[Given information — start]

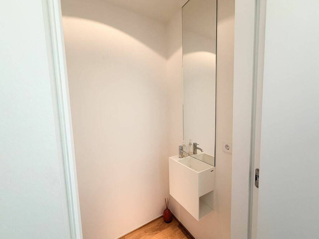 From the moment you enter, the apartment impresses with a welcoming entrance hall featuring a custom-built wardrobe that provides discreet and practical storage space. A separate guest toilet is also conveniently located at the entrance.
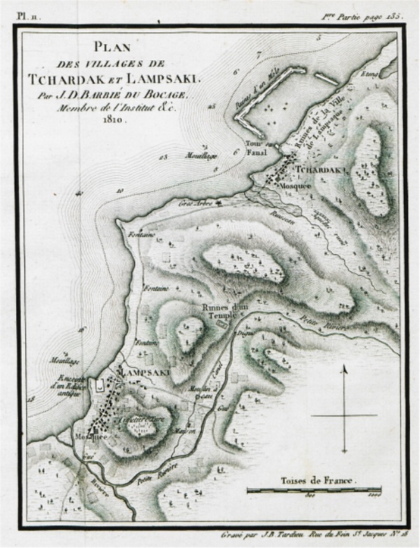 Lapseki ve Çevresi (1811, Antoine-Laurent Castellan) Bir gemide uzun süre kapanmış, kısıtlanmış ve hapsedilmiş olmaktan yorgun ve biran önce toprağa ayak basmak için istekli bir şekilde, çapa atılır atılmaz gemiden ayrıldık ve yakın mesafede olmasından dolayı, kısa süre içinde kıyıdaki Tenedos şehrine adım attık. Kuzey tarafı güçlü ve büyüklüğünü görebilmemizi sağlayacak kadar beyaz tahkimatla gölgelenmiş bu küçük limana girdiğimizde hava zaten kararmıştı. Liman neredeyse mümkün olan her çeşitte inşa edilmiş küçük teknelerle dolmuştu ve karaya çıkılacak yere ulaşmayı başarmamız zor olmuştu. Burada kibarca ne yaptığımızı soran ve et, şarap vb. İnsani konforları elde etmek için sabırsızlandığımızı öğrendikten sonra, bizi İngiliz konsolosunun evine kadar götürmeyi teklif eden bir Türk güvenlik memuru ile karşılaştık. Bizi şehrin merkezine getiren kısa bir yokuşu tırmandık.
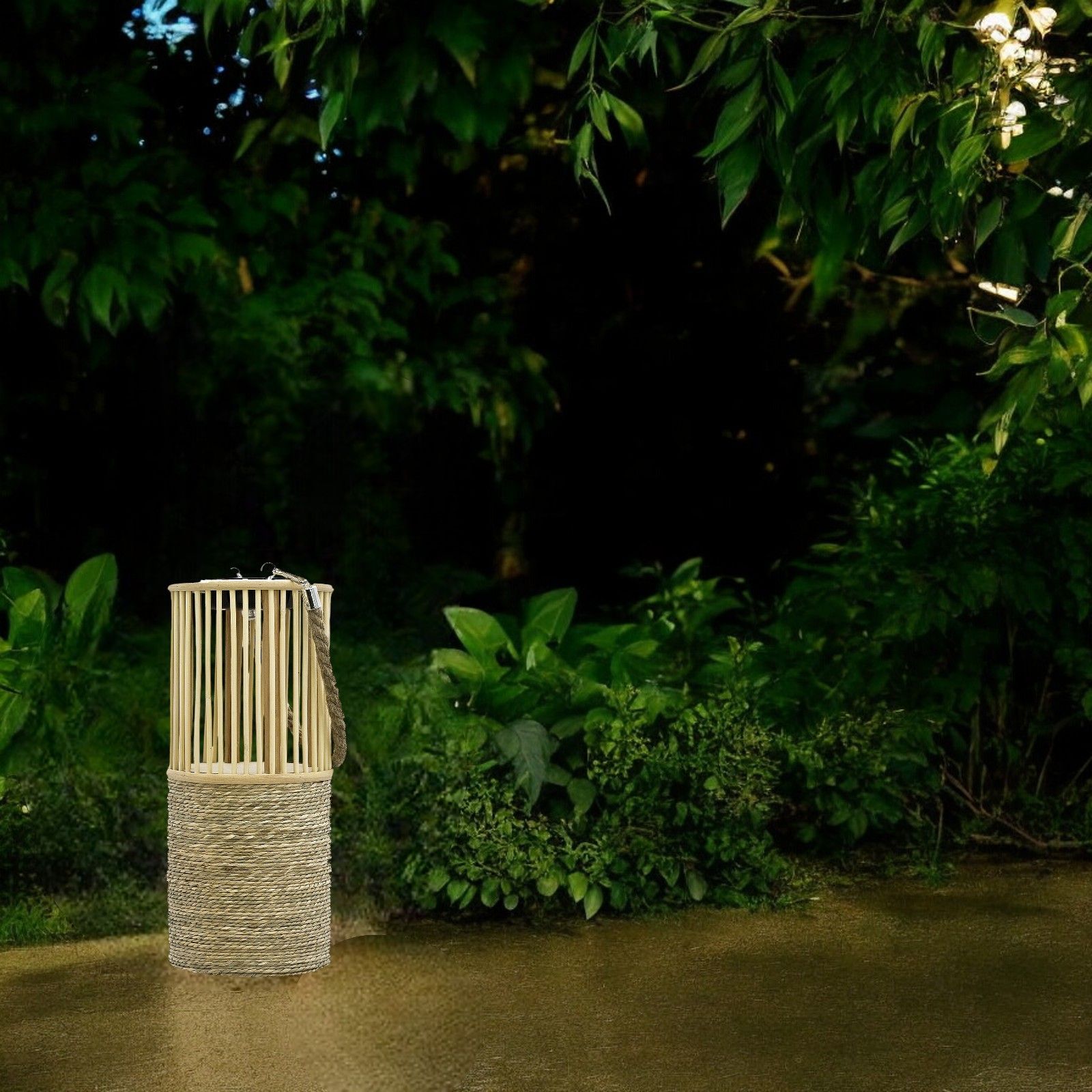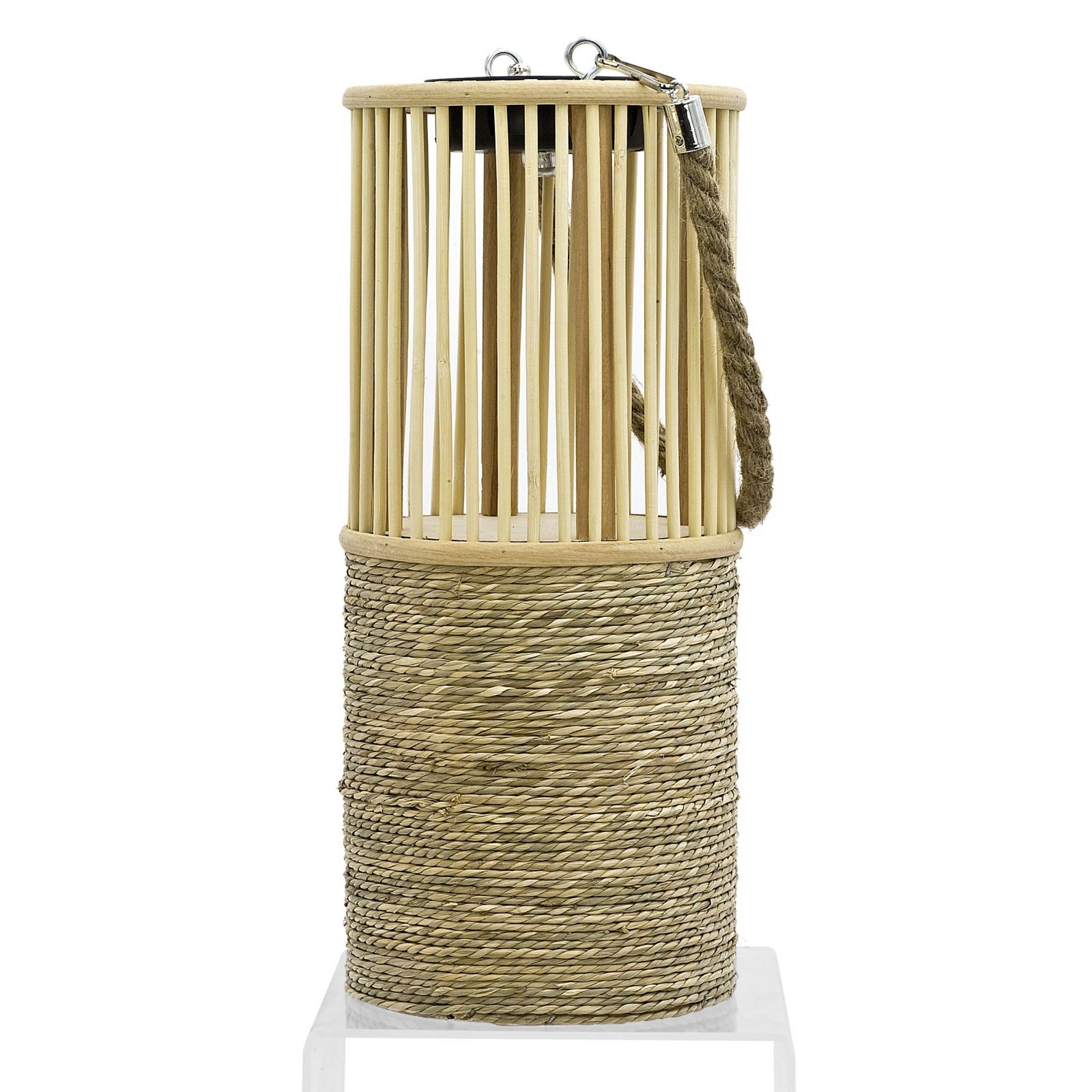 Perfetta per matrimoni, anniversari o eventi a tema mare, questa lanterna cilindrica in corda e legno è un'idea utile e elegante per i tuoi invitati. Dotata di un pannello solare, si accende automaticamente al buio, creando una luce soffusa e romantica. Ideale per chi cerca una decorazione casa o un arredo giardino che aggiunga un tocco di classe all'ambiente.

[Given information — finish]

What is being asked => Copy out every line above without change, dropping the pictures.

Response to the task =>
 From the moment you enter, the apartment impresses with a welcoming entrance hall featuring a custom-built wardrobe that provides discreet and practical storage space. A separate guest toilet is also conveniently located at the entrance.
 Lapseki ve Çevresi (1811, Antoine-Laurent Castellan) Bir gemide uzun süre kapanmış, kısıtlanmış ve hapsedilmiş olmaktan yorgun ve biran önce toprağa ayak basmak için istekli bir şekilde, çapa atılır atılmaz gemiden ayrıldık ve yakın mesafede olmasından dolayı, kısa süre içinde kıyıdaki Tenedos şehrine adım attık. Kuzey tarafı güçlü ve büyüklüğünü görebilmemizi sağlayacak kadar beyaz tahkimatla gölgelenmiş bu küçük limana girdiğimizde hava zaten kararmıştı. Liman neredeyse mümkün olan her çeşitte inşa edilmiş küçük teknelerle dolmuştu ve karaya çıkılacak yere ulaşmayı başarmamız zor olmuştu. Burada kibarca ne yaptığımızı soran ve et, şarap vb. İnsani konforları elde etmek için sabırsızlandığımızı öğrendikten sonra, bizi İngiliz konsolosunun evine kadar götürmeyi teklif eden bir Türk güvenlik memuru ile karşılaştık. Bizi şehrin merkezine getiren kısa bir yokuşu tırmandık.
 Perfetta per matrimoni, anniversari o eventi a tema mare, questa lanterna cilindrica in corda e legno è un'idea utile e elegante per i tuoi invitati. Dotata di un pannello solare, si accende automaticamente al buio, creando una luce soffusa e romantica. Ideale per chi cerca una decorazione casa o un arredo giardino che aggiunga un tocco di classe all'ambiente.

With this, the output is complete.